START Study material

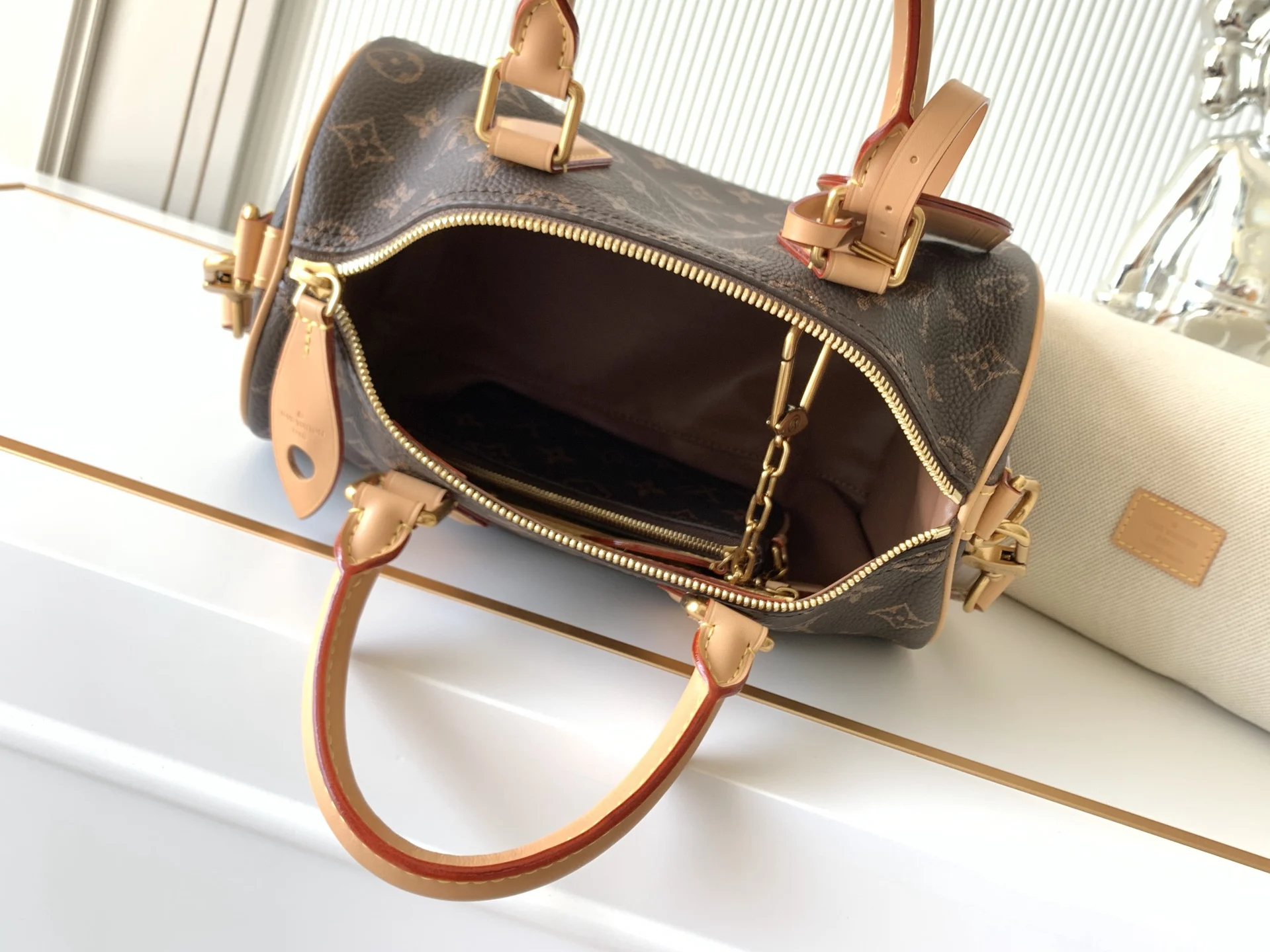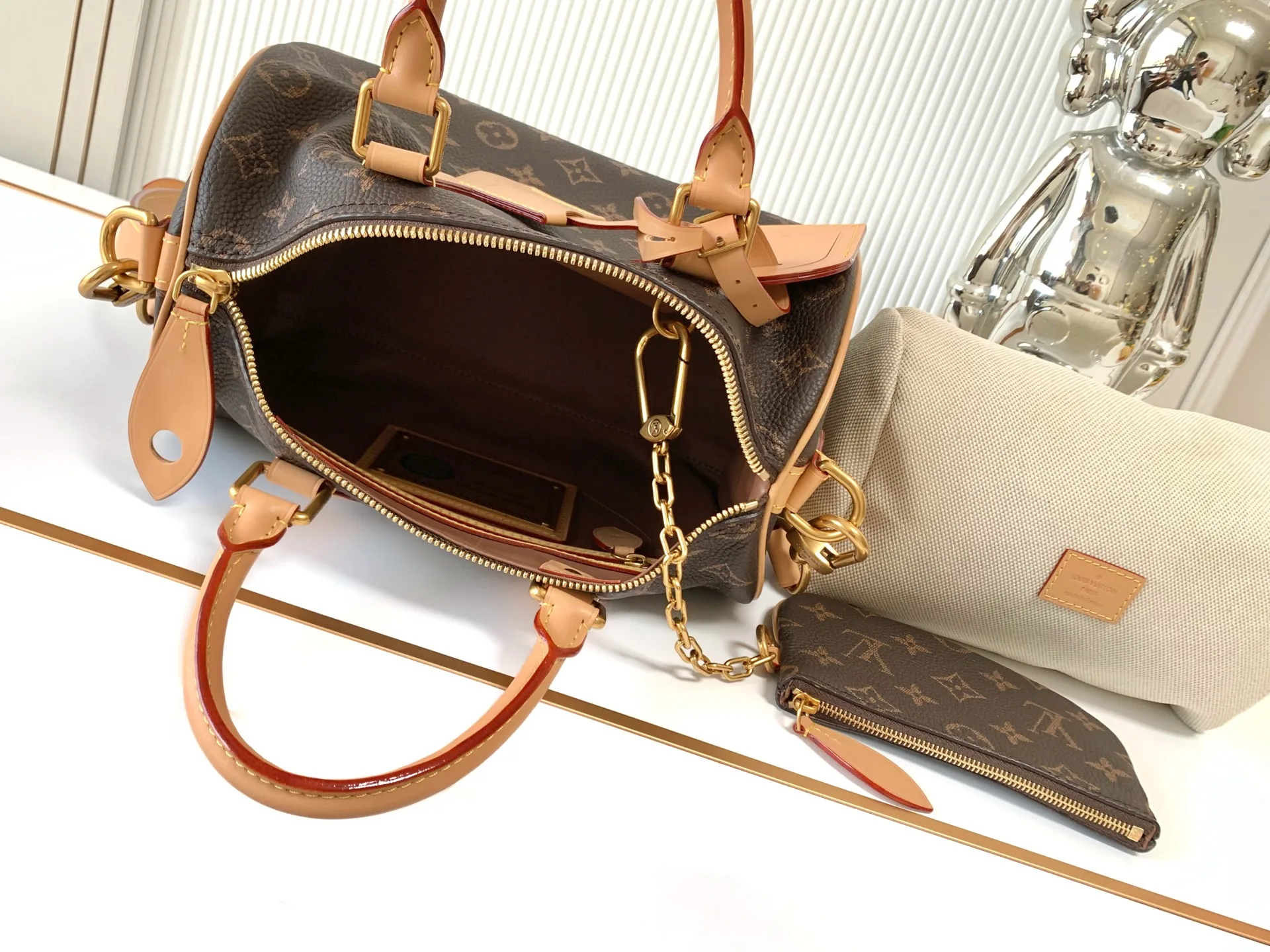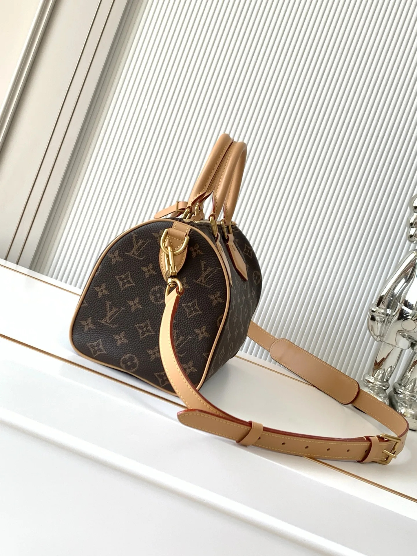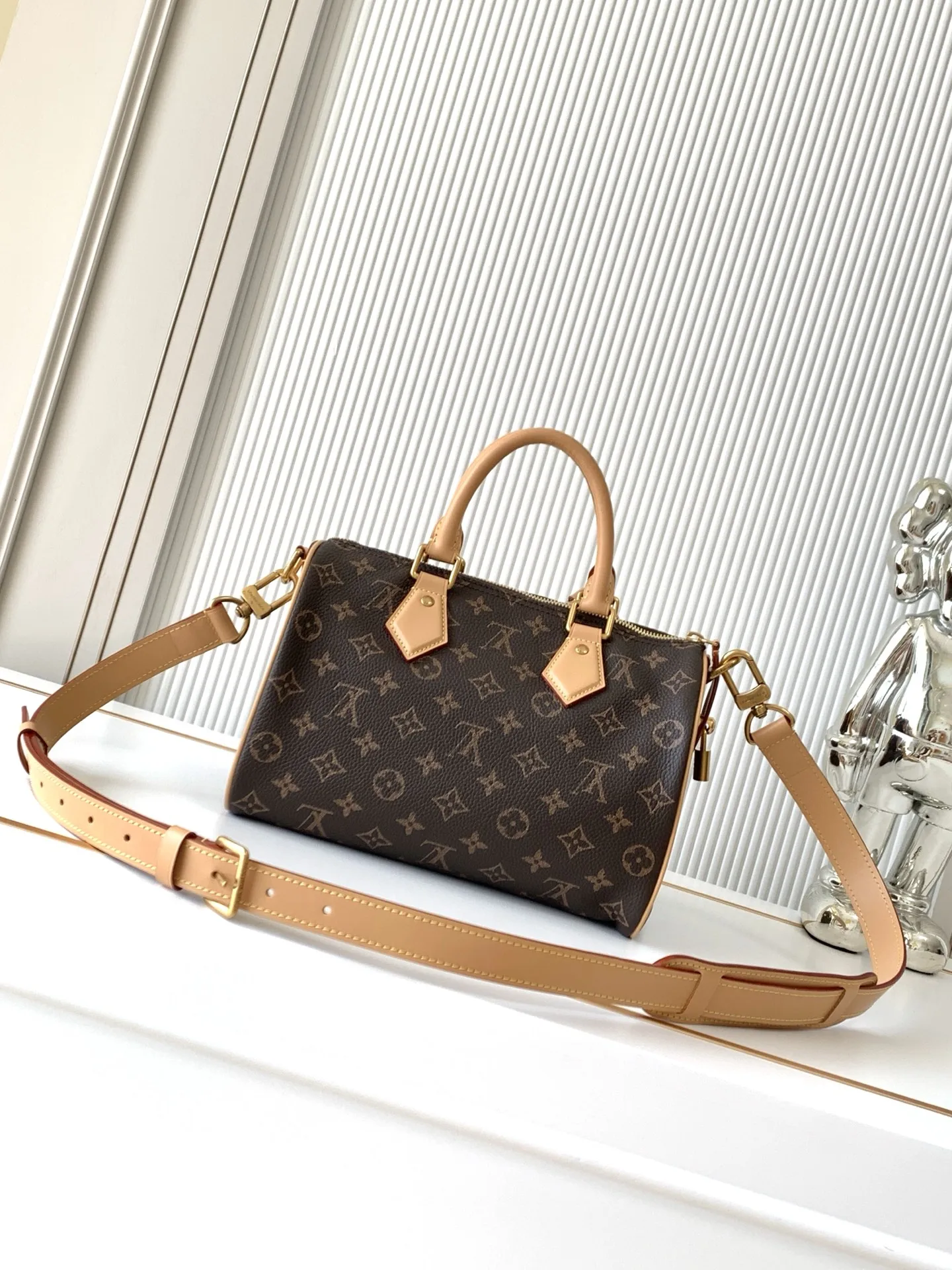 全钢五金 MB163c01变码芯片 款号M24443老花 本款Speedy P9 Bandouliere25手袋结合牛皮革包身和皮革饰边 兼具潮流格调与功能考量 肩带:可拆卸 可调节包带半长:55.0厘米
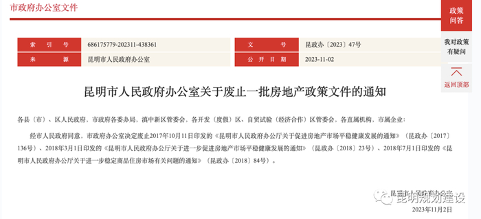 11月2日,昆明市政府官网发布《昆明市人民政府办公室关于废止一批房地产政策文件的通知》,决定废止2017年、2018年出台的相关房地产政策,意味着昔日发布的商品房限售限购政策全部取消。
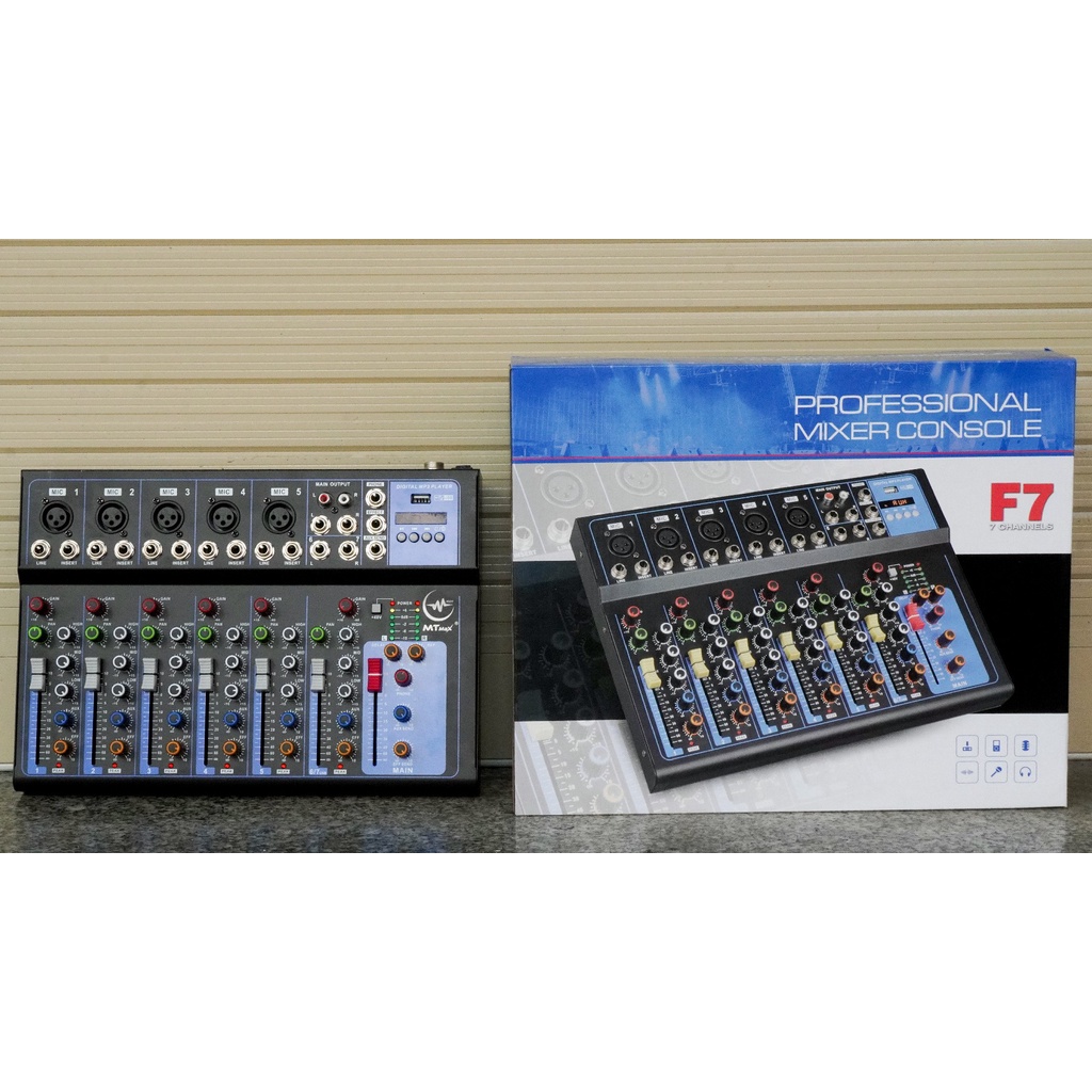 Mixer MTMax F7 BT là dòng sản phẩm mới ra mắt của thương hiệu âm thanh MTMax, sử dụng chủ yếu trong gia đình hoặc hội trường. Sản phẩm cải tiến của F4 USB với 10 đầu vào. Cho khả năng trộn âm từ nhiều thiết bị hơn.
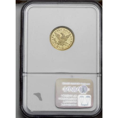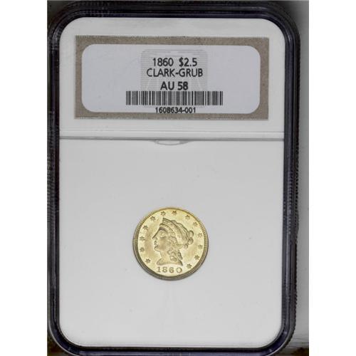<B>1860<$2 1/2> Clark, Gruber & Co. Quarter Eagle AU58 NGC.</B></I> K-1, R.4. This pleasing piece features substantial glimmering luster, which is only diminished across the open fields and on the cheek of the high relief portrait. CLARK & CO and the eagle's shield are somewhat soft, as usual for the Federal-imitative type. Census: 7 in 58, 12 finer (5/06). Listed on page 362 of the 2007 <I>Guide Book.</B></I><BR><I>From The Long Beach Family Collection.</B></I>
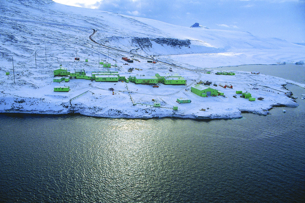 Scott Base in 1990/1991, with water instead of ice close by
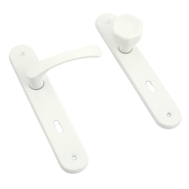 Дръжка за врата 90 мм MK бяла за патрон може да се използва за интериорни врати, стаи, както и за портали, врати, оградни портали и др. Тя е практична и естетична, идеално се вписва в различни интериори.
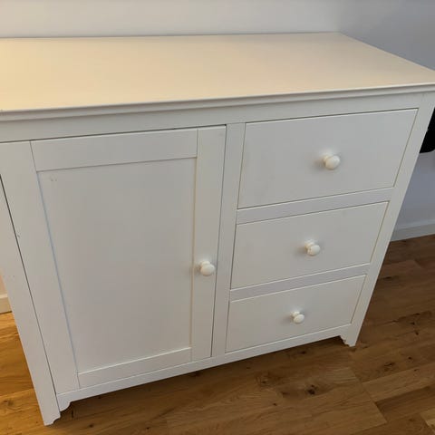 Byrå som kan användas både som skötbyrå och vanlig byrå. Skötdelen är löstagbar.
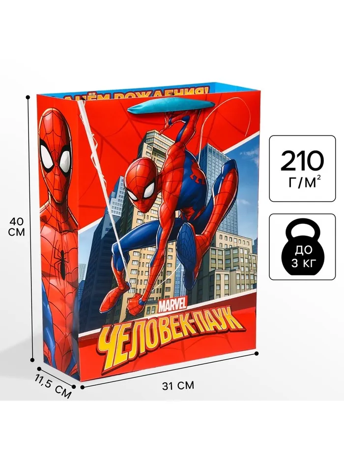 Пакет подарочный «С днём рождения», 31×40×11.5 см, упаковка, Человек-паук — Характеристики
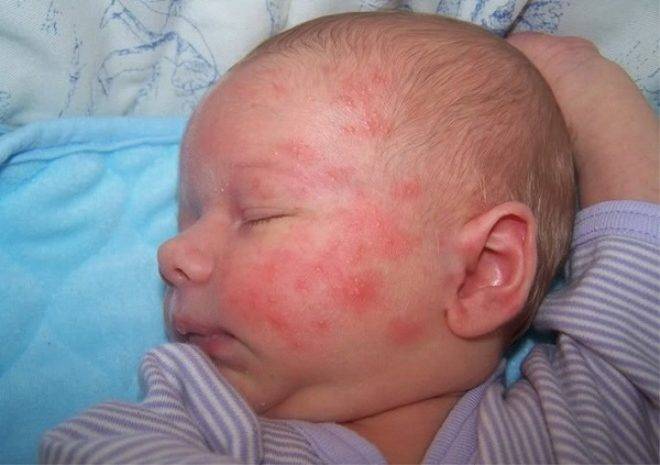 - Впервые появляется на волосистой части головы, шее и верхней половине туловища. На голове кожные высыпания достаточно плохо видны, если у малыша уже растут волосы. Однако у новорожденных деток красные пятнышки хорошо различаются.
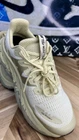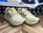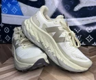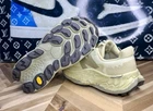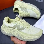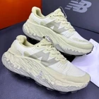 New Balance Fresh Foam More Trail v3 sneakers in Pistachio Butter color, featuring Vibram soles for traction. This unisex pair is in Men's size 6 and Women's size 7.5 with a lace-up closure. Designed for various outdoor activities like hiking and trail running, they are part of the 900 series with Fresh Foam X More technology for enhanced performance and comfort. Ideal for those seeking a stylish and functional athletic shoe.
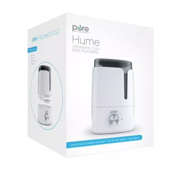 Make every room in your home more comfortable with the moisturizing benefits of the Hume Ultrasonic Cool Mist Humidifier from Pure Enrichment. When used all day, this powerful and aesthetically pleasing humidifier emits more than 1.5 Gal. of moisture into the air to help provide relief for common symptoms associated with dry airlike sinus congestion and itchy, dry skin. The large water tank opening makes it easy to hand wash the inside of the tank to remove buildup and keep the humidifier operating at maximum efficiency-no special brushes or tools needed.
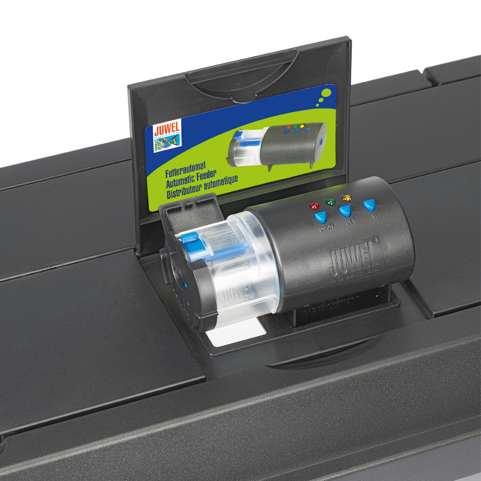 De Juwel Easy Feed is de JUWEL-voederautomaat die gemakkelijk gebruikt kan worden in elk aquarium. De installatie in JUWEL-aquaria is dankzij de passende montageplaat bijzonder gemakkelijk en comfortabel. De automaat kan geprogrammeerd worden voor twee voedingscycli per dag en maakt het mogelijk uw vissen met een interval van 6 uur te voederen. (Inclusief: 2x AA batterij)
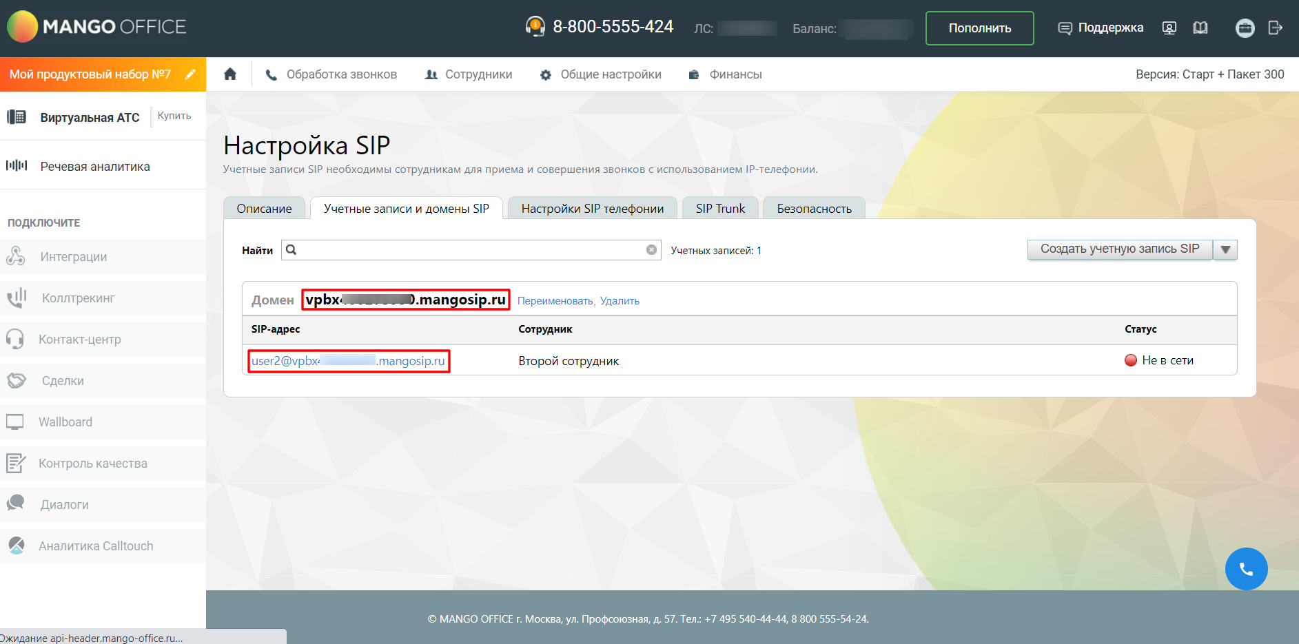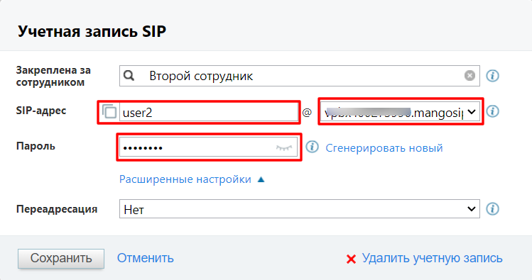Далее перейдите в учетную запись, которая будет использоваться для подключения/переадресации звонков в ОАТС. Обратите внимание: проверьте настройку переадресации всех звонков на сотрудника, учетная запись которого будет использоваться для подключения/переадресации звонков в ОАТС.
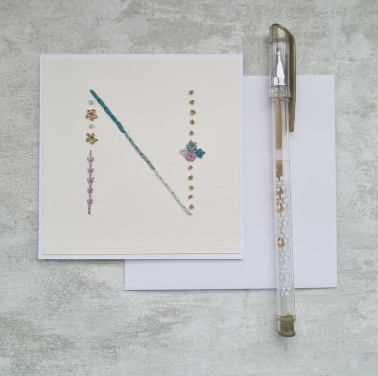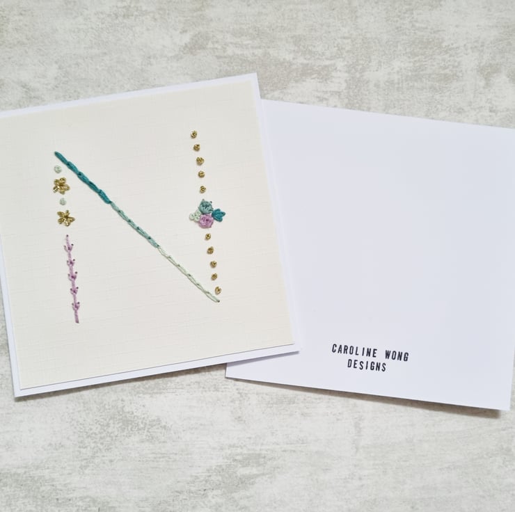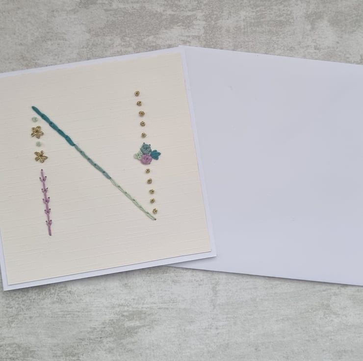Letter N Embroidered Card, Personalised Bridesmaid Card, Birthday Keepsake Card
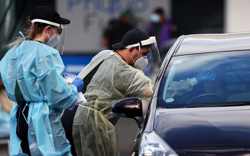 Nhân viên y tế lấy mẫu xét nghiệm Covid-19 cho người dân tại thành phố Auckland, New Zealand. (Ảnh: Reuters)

END Study material

* Task item *
Stop at the line containing "Scott Base in" and include it. Everything from the first line of the material up to there is to be repeated exactly, leaving out pictures.

* Solved problem *
 全钢五金 MB163c01变码芯片 款号M24443老花 本款Speedy P9 Bandouliere25手袋结合牛皮革包身和皮革饰边 兼具潮流格调与功能考量 肩带:可拆卸 可调节包带半长:55.0厘米
 11月2日,昆明市政府官网发布《昆明市人民政府办公室关于废止一批房地产政策文件的通知》,决定废止2017年、2018年出台的相关房地产政策,意味着昔日发布的商品房限售限购政策全部取消。
 Mixer MTMax F7 BT là dòng sản phẩm mới ra mắt của thương hiệu âm thanh MTMax, sử dụng chủ yếu trong gia đình hoặc hội trường. Sản phẩm cải tiến của F4 USB với 10 đầu vào. Cho khả năng trộn âm từ nhiều thiết bị hơn.
<B>1860<$2 1/2> Clark, Gruber & Co. Quarter Eagle AU58 NGC.</B></I> K-1, R.4. This pleasing piece features substantial glimmering luster, which is only diminished across the open fields and on the cheek of the high relief portrait. CLARK & CO and the eagle's shield are somewhat soft, as usual for the Federal-imitative type. Census: 7 in 58, 12 finer (5/06). Listed on page 362 of the 2007 <I>Guide Book.</B></I><BR><I>From The Long Beach Family Collection.</B></I>
 Scott Base in 1990/1991, with water instead of ice close by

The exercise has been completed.